Secondly, this consideration of witnessing also foregrounds the importance of understanding the properties of that which is being witnessed. Presence research, in the main, has tended to treat the make up of the worlds (real or virtual) in which we find ourselves present as content factors (e.g. Fencott, 1999; Lessiter et al., 2001; Schubert et al. 2001, Slater, 2003; Baños et al., 2004; Nunez and Blake, 2006 among other). Ijsselsteijn et al. (2000) have proposed examples of content factors as including objects, actors, events, interactivity, autonomy of environment and agents, reactions of others and the nature of tasks (conducted in a virtual environment). In contrast, and from this ontological perspective, we recognise that to be witnessed things, people and events are required to be available. By availability we mean, within reach, proximal or as Heidegger (1927/1962) famously put it, ready-to-hand. Thus we can feel closer to our own spouse, who might be hundreds of kilometres away, on our cell phone than we do to a passenger sitting next to us on a train.
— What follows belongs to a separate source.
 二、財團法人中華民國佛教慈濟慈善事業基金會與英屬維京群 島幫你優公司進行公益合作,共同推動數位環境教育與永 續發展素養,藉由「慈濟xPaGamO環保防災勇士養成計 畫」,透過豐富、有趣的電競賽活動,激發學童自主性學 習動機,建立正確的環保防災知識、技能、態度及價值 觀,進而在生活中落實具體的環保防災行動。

This account of ‘readiness-to-hand’ is based on his observation that we do not encounter entities as discrete objects or as substances but as part of a meaningful network of things we can use (Heidegger calls them tools and equipment), exploit or engage while other beings which are not immediately available to us are said to be present-at-hand.
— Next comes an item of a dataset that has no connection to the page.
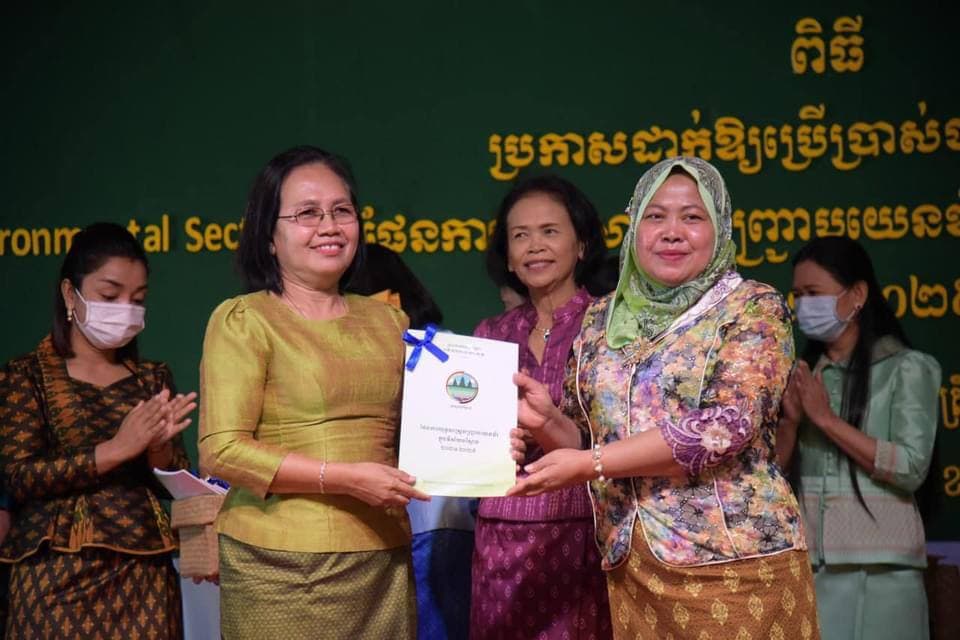 លោកជំទាវ ស៊ីវណ្ណ បុទុម រដ្ឋលេខាធិការ និងជាតំណាងដ៏ខ្ពង់ខ្ពស់លោកជំទាវគតិបណ្ឌិត អឹុង កន្ថាផាវី រដ្ឋមន្រ្តីក្រសួងកិច្ចការនារី បានមានប្រសាសន៍ថា រាជរដ្ឋាភិបាលយល់ច្បាស់ពីសារសំខាន់នៃការលើកកម្ពស់ការយល់ដឹងដល់ស្ត្រី និងការចូលរួមរបស់ស្ត្រីក្នុងគ្រប់វិស័យ ជាពិសេសការជំរុញលើកទឹកចិត្តស្ត្រីថ្នាក់ដឹកនាំក្នុងវិស័យសាធារណៈ និងនយោបាយ ការលុបបំបាត់អំពើហិង្សា និងការទប់ស្កាត់ការរំលោភបំពានផ្លូវភេទលើស្ត្រី ព្រមទាំងការបង្កើននូវកាលានុវត្តភាពនានាដល់ស្ត្រីពិតជាមានសារៈសំខាន់ និងចាំបាច់បំផុតក្នុងគោលដៅអភិវឌ្ឍសង្គម-សេដ្ឋកិច្ចប្រកបដោយចីរភាព និងបរិយាប័ន្ន”។ ក្រសួងកិច្ចការនារី បានសហការជាមួយ ក្រសួង-ស្ថាប័នពាក់ព័ន្ធអនុវត្តលើការងារលើកកម្ពស់សមភាពយេនឌ័រ និង ផ្តល់ភាពអង់អាចដល់ស្រ្តី រួមទាំងការទប់ស្កាត់អំពើហិង្សាលើស្រ្តីនិងក្មេងស្រី ដោយមានការគាំទ្រពីអង្គការជាតិ អន្តរជាតិ ព្រមទាំងដៃគូ អភិវឌ្ឍន៍នានា និងទទួលបានលទ្ធផលវិជ្ជមានគួរឱ្យ កត់សម្គាល់នាឆ្នាំកន្លងមក ទោះបីជាយើងស្ថិតក្នុងកំឡុងពេលនៃវិបត្តិកូវីដ១៩។ យើងនៅតែបន្តអនុវត្តគោលនយោបាយ សមភាពយេនឌ័ររបស់រាជរដ្ឋាភិបាល សំដៅធ្វើយ៉ាងណាដើម្បីធានាលើកកម្ពស់ការ ចូលរួមរបស់ស្រ្តីក្នុងគ្រប់វិស័យ។សមិទ្ធផលនាថ្ងៃនេះ បានស្តែងចេញនូវកិច្ចខិតខំប្រឹងប្រែងបញ្រ្ជាបយេនឌ័រ ក្នុងវិស័យបរិស្ថាន ដែលនេះជាឯកសារគោលនយោបាយដ៏សំខាន់សម្រាប់ក្រសួងបរិស្ថាន និងក្រសួង-ស្ថាប័ន ពាក់ព័ន្ធព្រមទាំងដៃគូអភិវឌ្ឍន៍ ដើម្បីយកទៅអនុវត្តសកម្មភាពលើកកម្ពស់តួនាទីយេនឌ័រក្នុងវិស័យបរិស្ថាន ឱ្យបានទូលំទូលាយ និងប្រកបដោយលទ្ធផលល្អប្រសើរ។

Finally, witnessing is different from perceiving in that the former involves the creation of a representation of what we witness but this in itself presents us with a problem. The language and concepts we have used so far have been ontological which has no place for the representational. Our solution to this is to adopt and extend Clark’s distinction between strong and weak representation. We propose that, like Clark, those things (other beings) which are available can also serve as a kind of external memory or as a weak ‘representation’. This recalls both Dreyfus’ observation that ‘The best representation of the world is [ …] the world itself’ (Dreyfus, 2002) and that most ancient of mnemonics the method of loci.
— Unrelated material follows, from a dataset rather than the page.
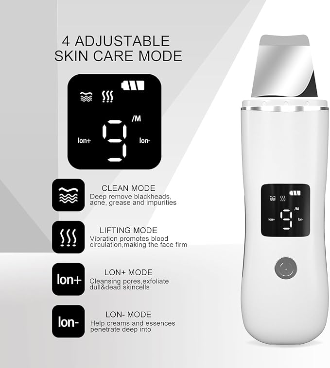 - 4 Modes Skin Spatula - Experience comprehensive skincare with this multifunctional scrubber. Its 3D curved, stainless steel spatula effortlessly navigates your face, even around tricky areas, removing build-up and debris. Simply wet your face and glide the spatula for a spa-like experience.

We now consider each of these points in a little more detail beginning with a discussion of presence.
Note 2: To describe present-at-hand as unavailable is a simplification but one which I do not believe misleads. Dreyfus (1991), for example, in his commentary on Heidegger’s Being and Time, distinguishes between available and unavailable as being aspects of readiness-to- hand and uses the term occurrentness to describe being present-at- hand (occurrentness also having two states or modes). While these are important distinctions I do not think that they are germane to the current discussion here.